> **WORK REQUIRED**: Take the lines below from the one with "不同套装战力增幅不同,激活套装、升星皆可提高属性,助力实力精进!" through the one with "The stencil is" and print only them, exactly. Don't print the pictures.

> **DATA UNDER STUDY**:
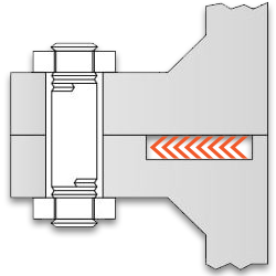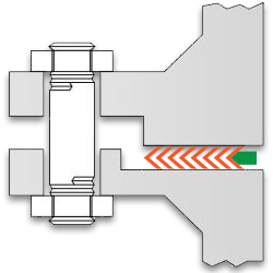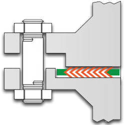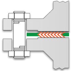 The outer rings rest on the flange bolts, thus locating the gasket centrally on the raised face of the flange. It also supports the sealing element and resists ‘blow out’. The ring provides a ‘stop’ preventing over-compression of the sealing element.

...

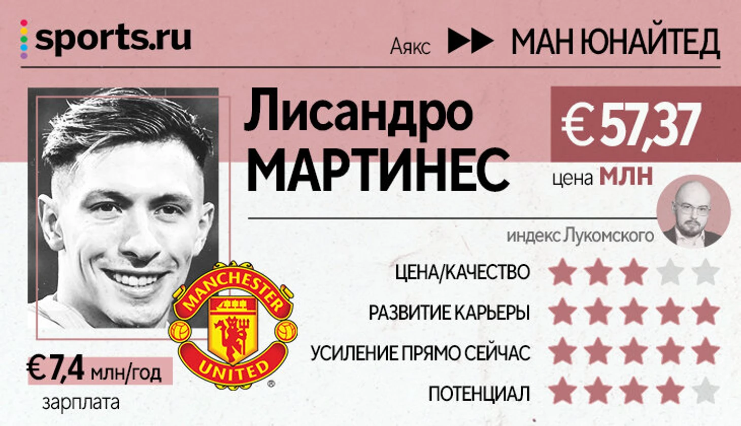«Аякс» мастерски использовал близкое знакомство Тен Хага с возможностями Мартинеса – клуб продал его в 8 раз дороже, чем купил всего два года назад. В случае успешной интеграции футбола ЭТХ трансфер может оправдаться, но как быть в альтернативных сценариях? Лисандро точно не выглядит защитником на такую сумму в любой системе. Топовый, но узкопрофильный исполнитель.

---

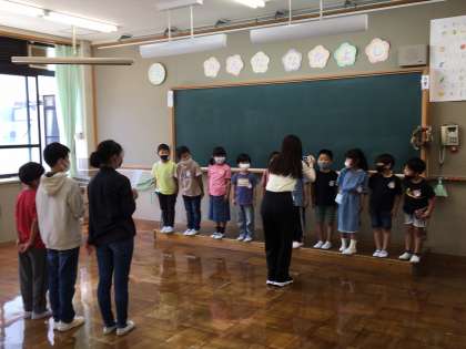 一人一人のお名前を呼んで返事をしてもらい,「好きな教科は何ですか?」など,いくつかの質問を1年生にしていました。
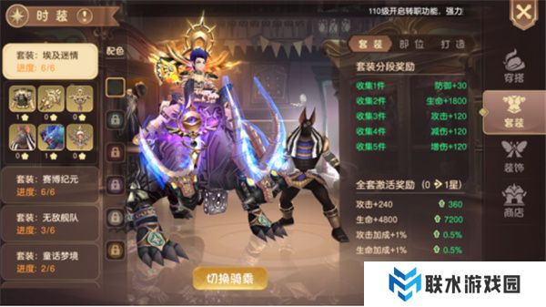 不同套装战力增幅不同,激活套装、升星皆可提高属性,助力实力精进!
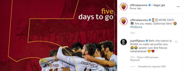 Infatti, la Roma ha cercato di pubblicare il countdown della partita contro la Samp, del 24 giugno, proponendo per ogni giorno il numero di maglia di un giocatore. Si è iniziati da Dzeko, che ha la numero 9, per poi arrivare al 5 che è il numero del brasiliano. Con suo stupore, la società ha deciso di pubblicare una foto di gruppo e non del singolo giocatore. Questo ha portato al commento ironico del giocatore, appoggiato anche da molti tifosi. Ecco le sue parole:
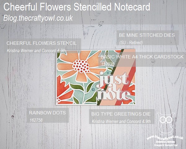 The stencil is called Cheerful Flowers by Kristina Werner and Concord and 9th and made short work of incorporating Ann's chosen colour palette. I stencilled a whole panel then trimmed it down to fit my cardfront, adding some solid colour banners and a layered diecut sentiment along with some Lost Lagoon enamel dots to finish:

> **WORKED SOLUTION**:
 不同套装战力增幅不同,激活套装、升星皆可提高属性,助力实力精进!
 Infatti, la Roma ha cercato di pubblicare il countdown della partita contro la Samp, del 24 giugno, proponendo per ogni giorno il numero di maglia di un giocatore. Si è iniziati da Dzeko, che ha la numero 9, per poi arrivare al 5 che è il numero del brasiliano. Con suo stupore, la società ha deciso di pubblicare una foto di gruppo e non del singolo giocatore. Questo ha portato al commento ironico del giocatore, appoggiato anche da molti tifosi. Ecco le sue parole:
 The stencil is called Cheerful Flowers by Kristina Werner and Concord and 9th and made short work of incorporating Ann's chosen colour palette. I stencilled a whole panel then trimmed it down to fit my cardfront, adding some solid colour banners and a layered diecut sentiment along with some Lost Lagoon enamel dots to finish:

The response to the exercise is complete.